Мозаика Парсифаля - Роберт Ладлэм
Шрифт:
Интервал:
Закладка:
— Я работал у Меннингера с доктором Шраммом — с тем, который настаивал на пяти минутах. Он лучший в стране нейропсихиатр. Я помогал ему по технической части — сканеры мозга, электроспектрографы и прочие подобные штуки. И сейчас продолжаю это занятие.

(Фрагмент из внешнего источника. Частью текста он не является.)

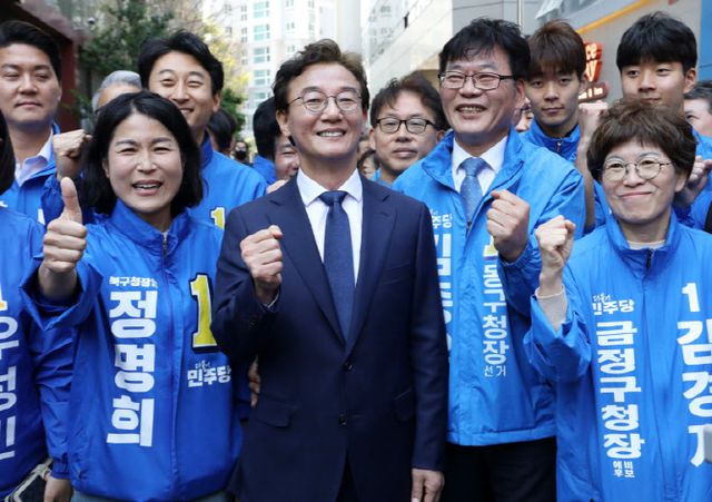 민주당 부산시장 후보 자리를 두고선 전 의원과 이재성 전 민주당 부산시당 위원장이 경쟁을 벌이고 있지만 전 의원 승리가 유력하다. 전 의원은 국민의힘 주자와의 본선 경쟁력에서도 우위를 보이고 있다. 리서치앤리서치가 동아일보 의뢰로 28~29일 실시한 무선 전화면접 여론조사에서 전 의원은 박형준 현 부산시장, 주진우 의원과의 가상대결 결과, 각각 43.7% 대 27.1%, 45.3% 대 25.5%로 오차범위(95% 신뢰수준에 ±3.5%포인트) 밖으로 앞서갔다.(자세한 내용은 중앙선거여론조사심의위원회 참조)

— Здесь, наверное, приборов достаточно?
— Средств не жалели.
— Я все же одного не могу понять, — заметил Майкл, в очередной раз обратив внимание на фасады несуществующих зданий, гипсовые модели и увеличенные фотографии различной формы, расставленные на ухоженных лужайках, — ведь все эти муляжи, напоминающие декорации из фильма ужасов — их кто-то же строил? И каким образом удалось убедить строителей сохранить тайну? Слухи должны были витать над всем югом Джорджии.
— Если и так, то не по их вине. Я имею в виду строителей.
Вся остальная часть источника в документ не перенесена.